Last of the PEX Water Lines

July 23, 2015

I spent the whole day running the last of the PEX through my tiny house and while I am happy to say that I finally finished that project, the whole thing was just so much harder than I thought it was going to be.

Here are the major difficulties and accomplishments I can remember working on the house yesterday:

  • I spent about an hour in the morning trying to figure out exactly where I was going to drill holes in the floor for the three PEX lines that would go to my water heater and provide a drain my water tank. I thought about going directly through the floor, but eventually discarded that idea because I was afraid the hole in the metal flashing underneath my subfloor might be sharp and eventually cut through my PEX. I also wanted the PEX to come out somewhere near the edge of the house where it would be easy to access when I needed to attach or detach my water heater. Eventually, I decided to run it through the bottom edge of my rear wall. That involved drilling a 5 inch hole at exactly the right angle so that the PEX would come out between my trailer frame and the edge of my wall sheathing, a space of only 2 inches. I drilled one hole successfully before realizing it really wasn’t in a good spot and then drilled three more holes that I would actually end up using.
Drilling Holes at the Right Angle

Drilling Holes at the Right Angle

Finished Hole

Finished Hole

More Holes with Start of Cold (Right) and Hot (Left) Lines

More Holes with Start of Cold (Right) and Hot (Left) Lines

Cold Line Coming Out Bottom of Rear Wall

Cold Line Coming Out Bottom of Rear Wall

  • The next thing I needed to do was design some kind of block that I could attach all of the fixtures for my water heater underneath the rear wall of my house (to heat my water, I purchased an Eccotemp L5 Portable Tankless Water Heater which was relatively inexpensive, but cannot be installed inside the house). This included two screw on male hose attachments and two on/off valves, one for the cold water line coming out of the house and one for the hot water line going back into the house. It took me a while to figure out a good design, but eventually I came up with a notched block of 2 x 4 cedar that would exactly fit in the small space between the subfloor and the exterior sheathing and in length between the hot and cold lines coming down through the wall. I cut the block when I was at the tiny house and later in the day, took some time to stain it. I also carefully assembled the fixtures in a way that lined up well with my block.
Block for Exterior Water Heater Fixtures

Block for Exterior Water Heater Fixtures

  • The next problem was figuring out exactly how to run all of the water lines through my mechanicals cabinet with in a way that took up the least amount of space, had the least number of turns, did not impede the installation or removal of the water tank and did not get in the way of the removable wall panel I was going to put behind my stove cabinet. Meeting all of those different requirements turned out to be quite a geometrical challenge. Eventually, Sheila came over to take a look and together, we came up with a solution I was reasonably happy with. By then, it was about 2:30 PM. After that, it was just a matter of cutting all the PEX lines and attaching it all together, which was actually rather fun. That took me until about 5:30 PM.
Final PEX Routing Inside my Mechanicals Cabinet

Final PEX Routing Inside my Mechanicals Cabinet

  • In above photo:
    • Uppermost blue PEX line is input from city water inlet outside the house
    • Large white hose is input from fresh water in line outside the house
    • Red and blue PEX lines running out of the top right side of the picture go to the kitchen sink
    • White object is my Flojet 2.9 GPM 50 PSI Water Pump
    • Flexible braided hose is the connection from the water tank to the pump
PEX Below Mechanicals Cabinet Shelf (Will Be Behind Water Tank)

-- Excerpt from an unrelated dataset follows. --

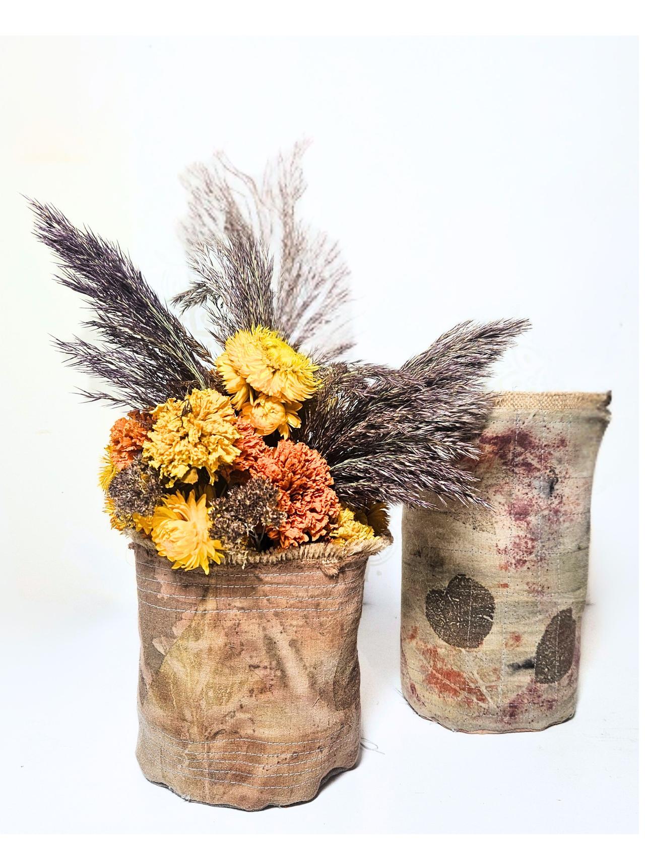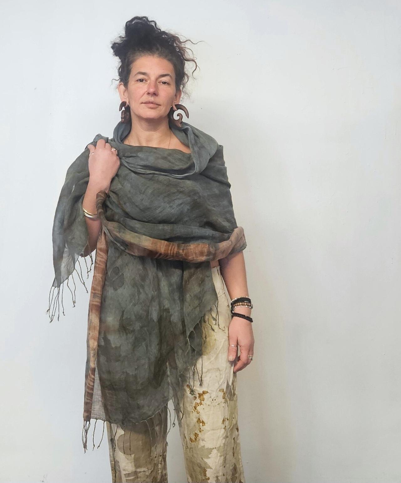 Everything I create begins with raw materials, hemp and organic cotton fabric, cotton cord, which I then dye in small batches using ethically foraged or ethically purchased plants. From these raw material I create, wearables, such as scarves, shawls, & a small line of handcrafted clothing, Yoga & meditation props, to support your practice, Baskets & vessels, to hold any thing your heart desires, and little bundles of carefully dyed fabrics for you to create with.. My line of upcycled clothing, is created using natural fiber discarded clothing, I wash and mend them if needed, and dyed each piece by hand using a variety of natural dye materials.

PEX Below Mechanicals Cabinet Shelf (Will Be Behind Water Tank)

After solving the above problems, the only thing left to do was to attach my carefully designed mounting block and water heater fixtures on the outside of the house. I thought about putting this off since I knew it would probably involve a new problem I hadn’t thought of end it was already pretty late in the day, but I really wanted to get everything done. I was sure something would go wrong with this task. But somehow, everything came together exactly the way I had envisioned it and within 45 minutes, I had the block mounted and all of my fixtures attached. I’m really happy with how this turned out. Once I connected all the fixtures and secured them to the block using a few nail in PEX C clamps, the whole mechanism turned out to be extremely sturdy. I’m now quite confident that I will be able to open and close the release valves and attach and detach the hose fittings as many times as I need to without fatiguing any of the parts.

Water Heater Fixtures Outside

Water Heater Fixtures Outside

Fixtures from Undernieth the House

Fixtures from Undernieth the House

That was it for yesterday. I feel like it took me three or four more days than I thought it would, but I have finally finished running all of my water lines. That means that the next thing I get to do is test the water lines. I sure hope they work!

Favorite parts of my day:

  • Having Sheila come out and help me figure out how to run the last of the PEX Lines through my mechanicals cabinet.
  • Attaching all of my PEX fittings to my custom made block on the outside of the trailer and seeing how well it turned out.